Unknown key warnings
If you see "Unknown keys in .codepeel.yml" warnings, you have a typo or are using an unsupported field. The valid top-level keys are:
ignore_paths, custom_instructions, expert_rules, rules, strictMode, securityOnly, ignoreFormatting, walkthrough, auto_review, chat, security, auto_description, auto_test, auto_fix
Common typos: ignorePaths (should be ignore_paths), strict_mode (should be strictMode), security_only (should be securityOnly).
Frequently Asked Questions
Does the config file affect VS Code extension reviews?
Yes. When you run a review from the VS Code extension, it reads .codepeel.yml from your workspace root and sends it along with the review request. Your custom instructions, expert rules, ignore paths, and all other settings are applied to IDE reviews just as they are to GitHub PR reviews.
Can I have different configs for different branches?
The config file is read from the commit being reviewed.
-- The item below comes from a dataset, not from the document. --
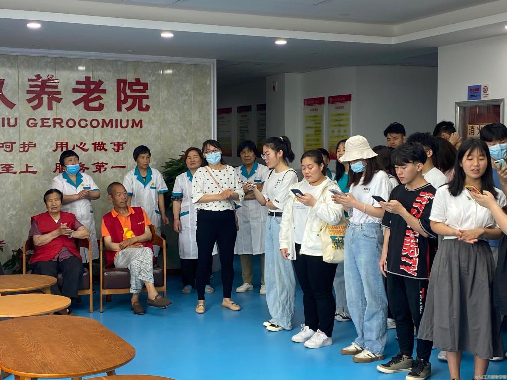 迎着朝阳,同学们脸上洋溢着出行的喜悦,一路欢乐高歌,向着目的地前行。顺利抵达养老院后,负责人先向敬老院的工作人员了解了有关情况,同学们则拿起清洁工具主动帮助清理室内卫生,为敬老院的干净整洁,尽自己最大的努力。随后,同学们又拜访了住在敬老院里的老人,询问他们的身体状况以及生活质量。然后,同学们一起为老人们演唱《小苹果》、《打靶归来》等歌曲。随后,一位老人独唱《说句心里话》、《小白杨》等歌曲,用歌声展现出了老一辈的风采。老一辈,是最温柔、最朴实的人,也是我们最应陪伴的人。同学们真挚的关怀,亲切的交谈,为平日清静的敬老院带来了许多欢笑声,整个敬老院洋溢着幸福、祥和的气氛。最后,养老院的院长为我们讲述了养老院的现状,同时也希望社会能给予老人们更多的关注。

If you have different .codepeel.yml content on different branches, each branch uses its own version. This is useful for having stricter rules on main than on feature branches.
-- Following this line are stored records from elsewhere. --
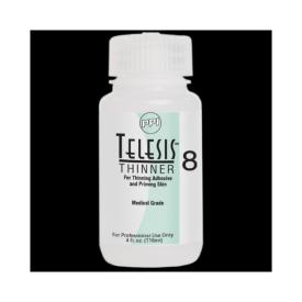 TELESIS 8 Thinner can be used to thin out Telesis 8 Silicone Adhesive when necessary, as well as prime the skin surface before application. To accelerate the drying time of Telesis 8, prime the skin with the Thinner and then apply Telesis 8 to the appliance. Once the two surfaces connect, the drying time will take only a few moments. The hold is incredibly strong but very easy to remove with Telesis Silicone Adhesive Remover. This product is not compatible with Telesis 5 or Telesis 7 silicone adhesives.
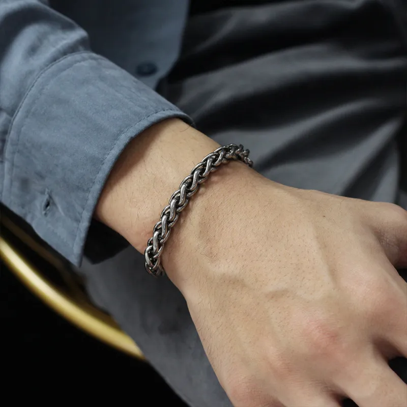 KENMO Браслеты из титанового стального серебра + Набор в подарочной коробке Мужской
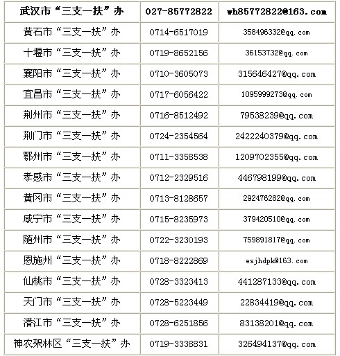 省“三支一扶”辦綜合咨詢電話:027-12333-2-0
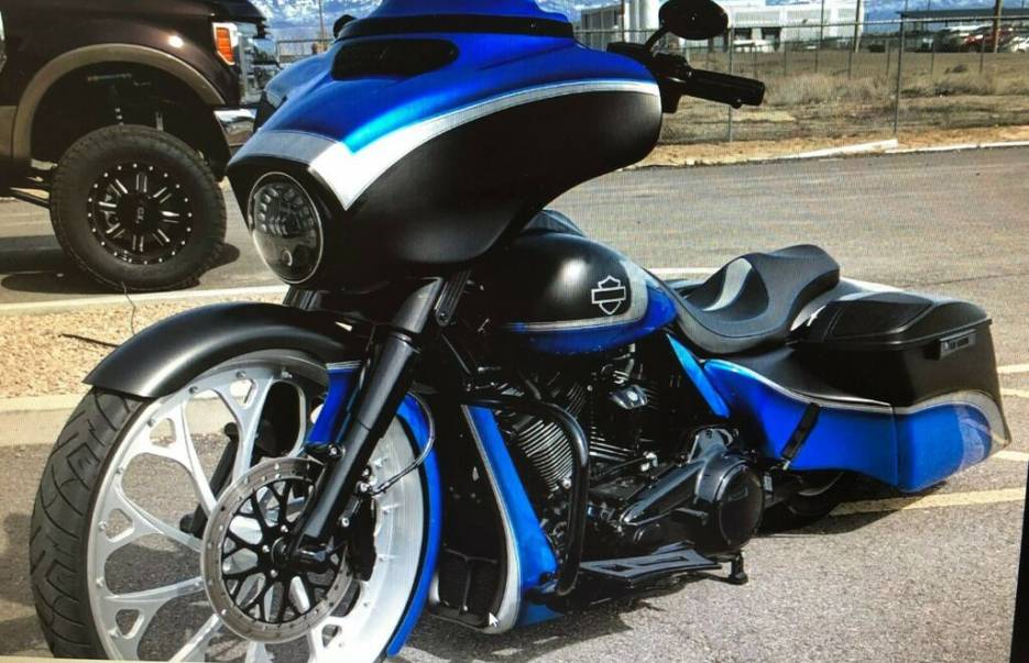 Harley-Davidson CVO Road Glide Touring with only 477 miles, PRISTINE condition! Bought off showroom floor at Pikes Peak H-D in Colorado Springs. Selling because no time to ride. Milwaukee- Eight 117 cubic inch displacement, CVO Mako Shark fade paint option (blue/black), wireless headset with blue tooth interface to the Boom! BOX GTS infotainment system featuring touch screen, fang front spoiler for dramatic low profile appearance, Screamin' Eagle Heavy Breather intake for a bold hot-rod style, premium 21 inch front and 18 inch rear wheel and Klock Werks windshield has been added. This beautiful motorcycle has been kept in a climate controlled environment.

Are custom rules checked on IDE reviews?
Yes. Custom rules (the rules field) are enforced on IDE reviews from the VS Code extension and MCP server, not just GitHub PR reviews. The same regex matching and context-aware suppression logic applies.
What happens if my regex causes catastrophic backtracking?
Patterns are validated before execution. If a pattern is detected as potentially causing ReDoS (catastrophic backtracking), it is rejected with a warning. Keep patterns simple and avoid nested quantifiers like (a+)+.
Can I disable reviews for specific PRs without changing the config?
Yes. Add any of the ignore_title_keywords to your PR title (default: "WIP" or "DO NOT REVIEW"). You can also use draft PRs -- CodePeel does not review draft PRs by default.
How do I see what config CodePeel is using for a review?
The walkthrough comment includes config warnings if any issues were detected. For a full view of the effective configuration, check the review detail page in your dashboard which shows the merged config that was applied.